ドイツの再統一後、ベルリン中心部にあって滑走路も狭かったこの空港は2008年をもって廃止された。
▼1931年 関東軍(日本陸軍)による錦州爆撃
1931年9月18日の柳条湖事件で、満州(中国東北部)での軍事活動を活発化させつつあった関東軍(満州に駐留した日本陸軍の派遣部隊)に対して、政府は不拡大方針をとっていたが、関東軍は密かに満州各地で満州国設立に向けての機運が盛り上がりつつあるように見せる工作を進めるとともに、対抗勢力だった張学良が仮政府を設けていた錦州に対して爆撃を敢行する。
関東軍に対し不拡大方針を伝えるとともに、国際社会に対して日本軍の自発的撤収を主張してた日本政府は、関東軍によるこの独断攻撃により国際社会からの信頼を失っていくことになった。
▼1937年 サントリー角瓶発売
▼1950年 朝鮮戦争で国連軍(米英加豪など17カ国)が38度線を越えて北上
▼1970年 ソ連の作家アレクサンドル・ソルジェニーツィンにノーベル文学賞
「収容所群島」、「イワン・デニーソヴィチの一日」などでソ連の強制労働収容所を描いた。体制を批判する作品が世に出たことは、フルシチョフが進めていた脱スターリン政策によるという指摘もある。

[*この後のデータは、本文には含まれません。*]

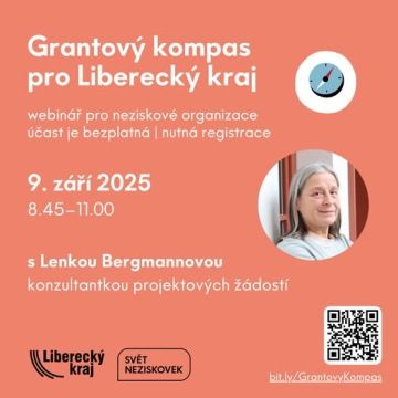 Pozvání na bezplatný online seminář Grantový kompas pro Liberecký kraj, určený pro neziskové organizace působící v našem kraji.

▼2002年 小柴昌俊さん(東京大学名誉教授)にノーベル物理学賞
神岡鉱山の山中の地下1000メートルに設置された巨大な純水の容器と浜松ホトニクス製作の光電子倍増管によって構成されるカミオカンデで、大マゼラン雲の超新星爆発によって地球に飛んできたニュートリノを世界で初めて検出。その功績が評価された。
▼2005年 パキスタン大地震(カシミール地震)
M7.6ながら8600人以上が死亡する大震災となった。地震多発地域でありながら進まぬ住宅の耐震化は、決して他人事ではない。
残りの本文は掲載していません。